I hope you brought enough ocean
for the *rest* of the class!
("Water, Water, Everywhere...")
Louis and Henri escape from a prison on a remote South American island and head for the beach. They've bribed a guard to place a small boat at the beach so they can make their getaway but the guard has betrayed them and put only a smattering of fuel in the vehicle. The boat sputters and Henri and Louis are stuck in the middle of the ocean with "Water, Water, Everywhere . . . And Not a Drop to Drink!" The blazing sun drives Henri mad and he drinks the sea water, forcing Louis to shoot his friend and dump the body out of the boat.

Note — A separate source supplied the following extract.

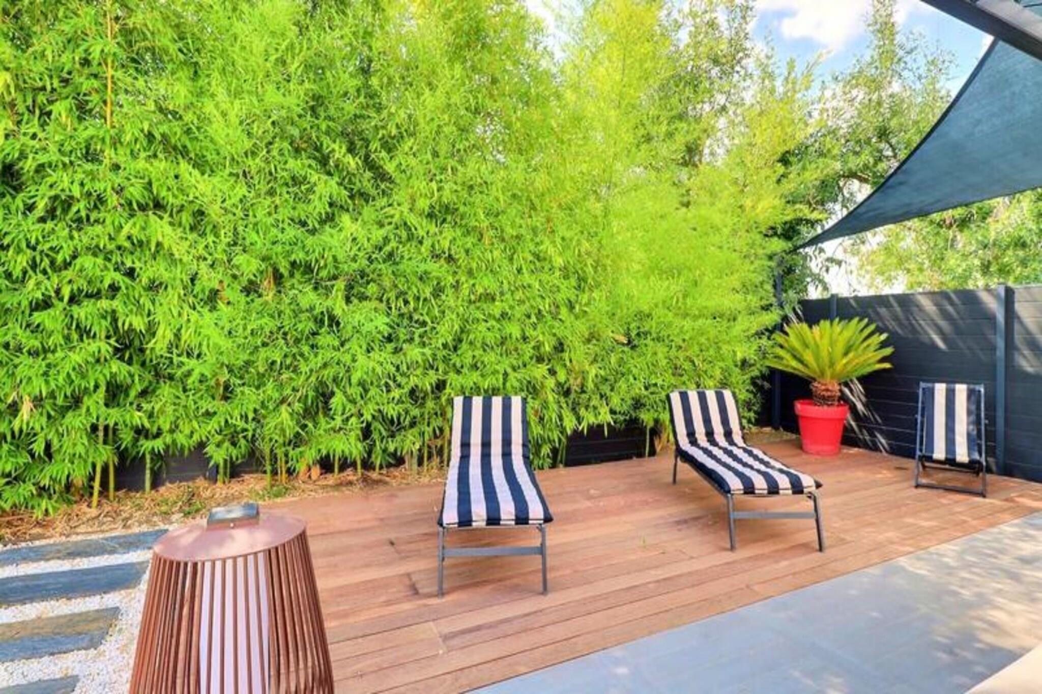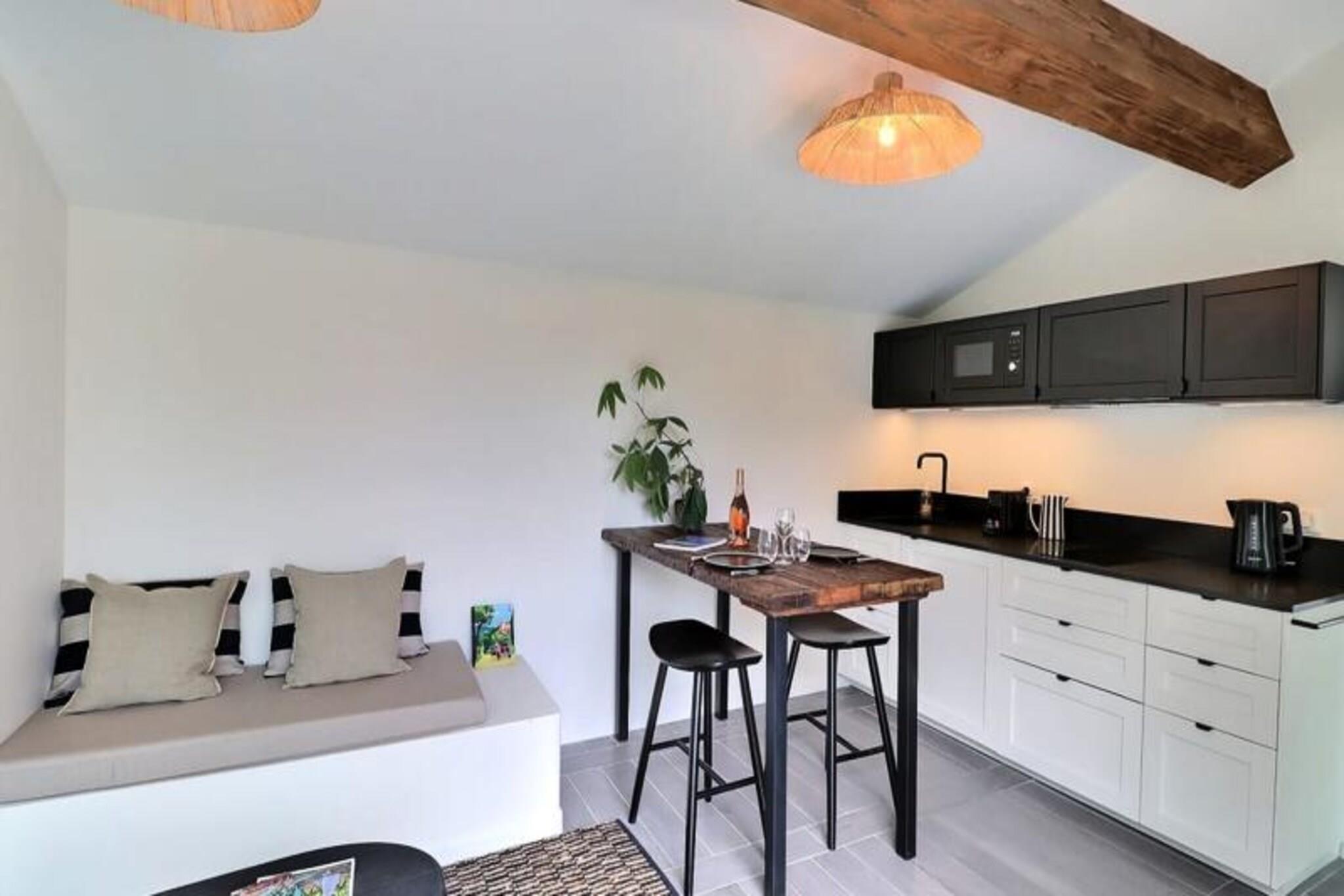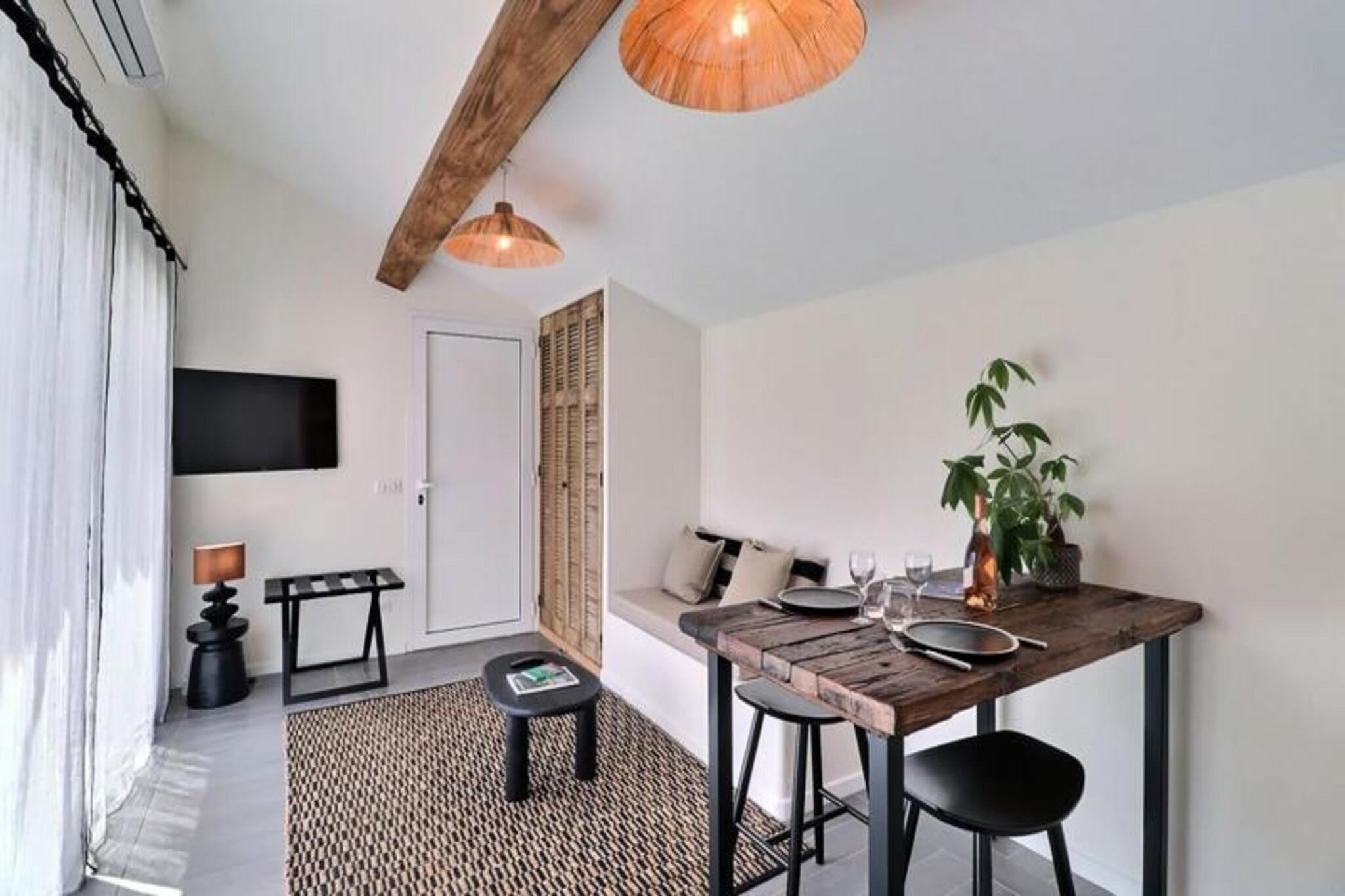Dette charmerende feriehus i hyttestil tilbyder en perfekt blanding af moderne komfort og en bohemeånd, ideel til 2 gæster. Soveværelset med aircondition har en stor dobbeltseng (160x200) med direkte adgang til en møbleret terrasse, mens opholdsstuen indeholder en sofa, væghængt tilsluttet tv og hyggelig plads til at slappe af. Med privat parkering til rådighed, sikrer denne bolig et fredeligt ophold væk fra hverdagens travlhed. Denne ejendom ligger i det rolige Pont de l'Arc-distrikt i Aix-en-Provence, kun 10 minutter fra det historiske centrum. Gæsterne kan udforske nærliggende attraktioner såsom Cours Mirabeau, lokale springvand og kulturelle steder, samt nyde naturskønne vandreture på Sainte-Victoire-bjerget. Ejendommen er også ideelt beliggende for at få adgang til destinationer som Marseille, Avignon og Lourmarin, hvilket gør det til en perfekt base for udforskning. Det moderne, fuldt udstyrede køkken byder på en 2-brænder keramisk kogeplade, mikroovn, køleskab med lille fryser og Nespresso kaffemaskine. Det stilfulde badeværelse har italiensk bruser og badehåndklæder. En stor terrasse med modulopbyggede siddepladser, en overdækket pergola med liggestole og en smuk have giver det perfekte sted at slappe af i naturen.

Determined not to lose his mind like Henri, Louis shoots himself just minutes before another boat approaches. The skipper tells his first mate that the dead man must not have realized that they were on the Amazon River and the water all around is fresh. In part two of this "EC Quickie," Louis and Henri escape from a prison in the Sahara desert and the jeep they are riding in runs out of gas. Henri goes mad, seeing mirages, and wanders off while Louis, again determined not to make the same mistakes, sits back against the jeep and shoots himself in the head. The bullet pierces the radiator and drips water on the face of Louis's corpse. One of the better installments of the "EC Quickie" series, helped along by George Evans's ghoulish art (the emaciated partners look like corpses long before they're dead) and a couple of genuinely good twists.

"Ben's Being Useful"
Lyrics by Helen Nesbitt
("Hail and Heart-y!")
Ben Storch is a lazy, good-for-nothing so-and-so who won't lift a finger to do chores or yard work, leaving the entirety of the maintenance to his overworked wife, Anna. Sure, Mr. Danbury will help Anna now and then (bless his soul!) but usually, after putting in a long day at the office, it's a long night's work around the house. Ben uses his weak heart as a crutch but, as his wife reminds him, changing a light bulb isn't that stressful! After a particularly grueling morning of shoveling snow, Anna heads off to work but is forced to stop at Doc Brewster's when she gets a sharp pain in her chest. The Doc reminds Anna that she isn't getting any younger and should try to rest a bit more but the exhausted woman reminds Brewster that Ben's heart forces her to do all the chores. The Doc chuckles and tells her that Ben has just been examined recently and all that ailed the lazy slob was indigestion--Ben's heart is "as strong as a man's half his age . . ." When Anna gets home, she beckons Ben to the cellar, where she chops him up with an axe. Later that day, Mr. Danbury sees Anna spreading ashes on the icy sidewalk and (choke!) finds a gold tooth on the path! I've said it before and I'll doubtless say it again (well, yes, I hear you comment with a heavy sigh, you're about to say it right now): it's hard to invest in some of these little seven-page morality fables when the sides are not evenly drawn.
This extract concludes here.